I zip tied a piece of plywood onto the back wall for temp use. And you can see the flyball matting cut to size on the floor:


















I also got the top piece of aluminum cut to size:


----------



## awmp (Feb 20, 2013)

Make sure you keep us up to date, would love to see the finished product.


----------



## Lin (Jul 3, 2007)

So will this one be much shorter height wise? Since your wood one followed the car ceiling?


----------



## wildo (Jul 27, 2006)

Lin said:


> So will this one be much shorter height wise? Since your wood one followed the car ceiling?


I'm not entirely sure, Lin. I think this one is maybe a bit taller. Yes, the kennel in the Mazda went to the ceiling, however- it was also on a raised platform. This one is low, sitting on the car's floor. I have 29" of vertical clearance in this kennel.


----------



## CroMacster (Oct 23, 2013)

Any updates?


----------



## 2Kool4SkoolKiid (Jun 29, 2015)

How much did you spend on the metal fames ?


----------



## wildo (Jul 27, 2006)

2Kool4SkoolKiid said:


> How much did you spend on the metal fames ?


About $110 in steel, if memory serves.


----------



## wildo (Jul 27, 2006)

wildo said:


> About $110 in steel, if memory serves.


The aluminum was another $150 or so.


----------



## 2Kool4SkoolKiid (Jun 29, 2015)

wildo said:


> About $110 in steel, if memory serves.


$260 is really good, compared to 2k for a k9 crate


----------



## wildo (Jul 27, 2006)

2Kool4SkoolKiid said:


> $260 is really good, compared to 2k for a k9 crate


That's why I DIY.


----------



## wildo (Jul 27, 2006)

CroMacster said:


> Any updates?


Sure.

I added a front gate to the front wall









It can open too









Everything got painted









I had the idea to put down some sound insulation to buffer road noise









...I did do that, but I wrapped the insulation in plastic first to protect from moisture. Notice I also added 1/8" thick weather stripping to the floor section in order to give the aluminum kennel floor at least a semblance of shock isolation.









Installed:




































At some point in time I'll probably add doors. But for now, the car doors work perfectly well. This project is basically considered complete.


----------



## charger (Jan 29, 2008)

Noticed the shaved patches on your pups legs, hope everything is okay.
Nice job on the cage!


----------



## sweetGSD (Sep 19, 2011)

That's really nice!


----------



## CroMacster (Oct 23, 2013)

Looking good. I just started on my own last night. Will be a similar backseat replacement.

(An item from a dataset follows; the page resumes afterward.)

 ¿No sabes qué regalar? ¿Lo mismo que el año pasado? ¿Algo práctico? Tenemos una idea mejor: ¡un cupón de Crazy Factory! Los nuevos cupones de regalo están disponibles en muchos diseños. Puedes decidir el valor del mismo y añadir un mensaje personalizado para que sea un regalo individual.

I like your sliding gate. What did you use for the sliding mechanism?


----------



## wildo (Jul 27, 2006)

CroMacster said:


> Looking good. I just started on my own last night. Will be a similar backseat replacement.
> 
> I like your sliding gate. What did you use for the sliding mechanism?

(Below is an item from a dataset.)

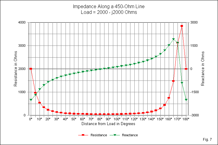 Fig. 7 shows one example of the transformation and applies to 450-Ohm transmission line and a feedpoint impedance of 2000 - j2000 Ohms. This impedance is similar to some values in Table 2. If the reactance had been inductive instead of capacitive, we would see similar curves, but the peaks would appear at 10-15° position along the line (where 0° is the antenna feedpoint and 180° is a half wavelength down the line). Note the very low resistance and the relatively low reactance that appear over much of the line's length. For this reason, placing a 4:1 balun in the line may be a poor choice for converting the balanced line to a single-ended or unbalanced line. The transformer may end up converting a low impedance to a very low impedance, regardless of the balun's ability to handle the reactance at its terminals.
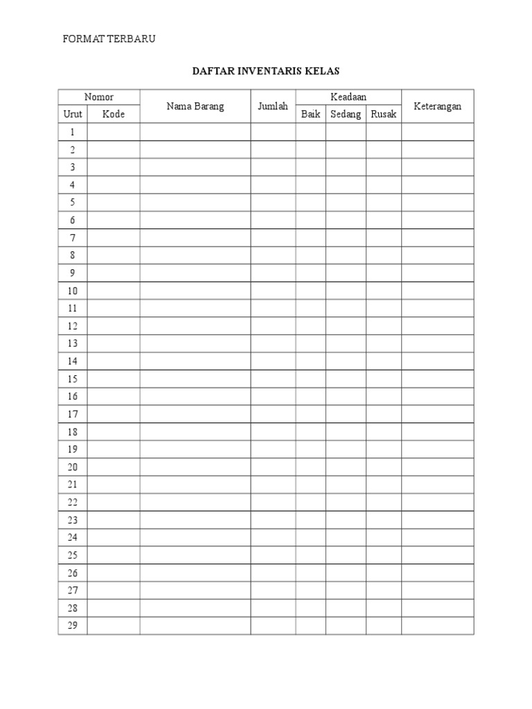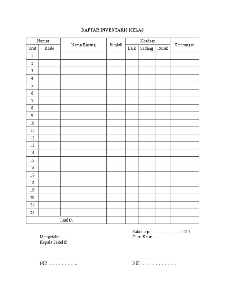 Format Inventaris Kelas. Format laporan inventaris barang format excel. Soal dan pembahasan tes masuk smp / mts tahun 2020/2021. Format daftar inventaris kelas untuk guru/ wali kelas ini merupakan format terbaru yang akan kami bagikan pada kesempatan kali ini khususnya untuk guru kelas atau wali kelas dalam menginventarisir barang/ medi/ alat pembelajaran dikelas. Daftar inventaris kelas no nama barang asal dari tahun keadaan jumlah keterangan b rr rb b: Download format laporan inventaris barang format excel ini dibagikan secara gratis untuk pengelola aset sekolah jenjang sd smp sma smk ma mts dan mi. Dokumen contoh format daftar barang inventaris sekolah tahun ajaran 2016 2017 dengan microsoft word doc belajar microsoft sekolah. Contoh format daftar inventaris kelas. Dengan kartu tersebut, kita sanggup mendata/ melaksanakan pendataan barang yang ada/dimiliki sekolah. Sign in to add files to this folder. Daftar inventaris barang sekolah dibuat secara berkala setidaknya setahun sekali dan perlu memperhatikan perkembangan barang termasuk juga pengurangannya. Format inventaris barang sekolah terbaru yang coba saya bagikan ini berbrntuk tabel dan di buat dengan menggunakan microsoft excel, anda dapat mengeditnya sesuai dengan kebutuhan. Sebagai bahan laporan tentang data inventaris barang yang dimiliki sekolah guru maupun ptk tata usaha akan membutuhkan format kartu. Download format doc dan aplikasi excel. Buku inventaris kelas artinya buku yang mencatat keadaan barang atau yang ada dalam lingkungan ruangan kelas di mana bapak dan ibu mengajar atau menjadi wali kelas. No files in this folder.

Just drawer slides. They work fine, but in the open position they rattle a bit. At first the detent of the drawer slides (closed position) held the gate closed, but with time and use it loosened up and turning a corner would allow the gate to slide open (or closed). Therefore, I've recently added a latch.



















Post pics of your build...


----------